Bu konuda SHGM ve DHMI’den başlamak üzere liderlik örneği gösterecek şirket
yönetimlerine de çok önemli rol düşmektedir.
Son
olarak da yaşanan olaylardan ders almak daha iyiye ve emniyetli uçuş ortamına
ulaşabilmek için bir ön şarttır.
Örneğin
UK
AAIB’nın Eylül 2010 bülteninde bir THY B777 uçağının Temmuz 2009’da Londra
hava sahasında karşılaştığı bir yakın geçme olayı hakkındaki (SHGM tarafından
ifade edildiği gibi soruşturma değil) araştırma raporu çok ilginç gerçekleri
ortaya çıkarmıştır.
(Yazının
tamamı için tıklayınız)
Cengiz Türkoğlu
London City University, Senior Lecturer, IOSA Denetçisi
Kasım-2010
- / -
Bu yazıyı hatırlamanız gerekir.

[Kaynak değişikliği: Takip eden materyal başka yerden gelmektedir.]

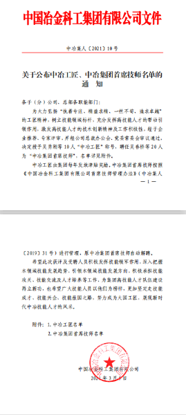 3月9日,从中冶集团传来喜讯,中国二冶钢构分公司青年员工高磊荣获“中冶集团首席技师”荣誉称号。

Öyle okunup geçilecek bir
yazı değil. Bu nedenle sık sık yazarlarımızın yazılarına yer veriyor olmam,
onları önemsediğimden ve sizlerin de hatırlamanız, okumayanlarınız için de
erişebilmenizi sağlamak içindir.
Hacettepe Üniversitesinin ilk İstatistik öğrencisi iken
hocamız şöyle derdi:
“İstatistik sizi haklı da çıkarabilir, bitirebilir de!”.
Bizde kendi anlayışımıza göre güncelleyerek “Ne
istatistiksiz kal, ne de istatistiğe inan!” diye okulun kafeteryasında kahve
içerken bu deyiş ile istatistiği yüceltmiştik!
Joseph Stalin – “A single death is a tragedy; a million deaths
is a statistic”.
Demek ki gerçek, sadece ve
sadece düşünenler için araştırılacak, sorgulanacak ve peşinde koşulurken sorumluluğu
kaçınılmayacak bir olgu.
Nevzat Tandoğan – “Bu memlekete komünizm gerekiyorsa ve komünizm yararlı bir şeyse onu da biz
getiririz, size ne oluyor?”
Düşünenlerin sorumluluktan
kaçınması olanaksızdır. “Düşün”, zaten sorumluluktan doğar.
İstatistik de size hizmet eder.
İstatistik bir sonuç değildir.
Verileri sorgulamak, anlamak,
araştırmak ve içersindeki yararlı nedenleri, şimdiki deyimle kök nedenleri
bulup çıkarmak için bir veri yumağıdır.
Çıkar kavramı, hem kişisel hem
de karşı tarafı da kapsamakta. Yani iki ucu da kaka.
Düşünce gücünün önüne çıkar geçerse,
bununla baş etmenin tek aracını yardıma çağırırız.
Tüm çeşit ve cinsleri ile
emrinize amade olarak gelir. KAZ.
Beceriksizliği anlatmak için kullanılan “İki kazı güdemez”
lafıdır.
Kaz güdemeyen adamlar da aralarında ikiye ayrılırlar.
- Giderken kaybedenler ve Dönerken kaybedenler...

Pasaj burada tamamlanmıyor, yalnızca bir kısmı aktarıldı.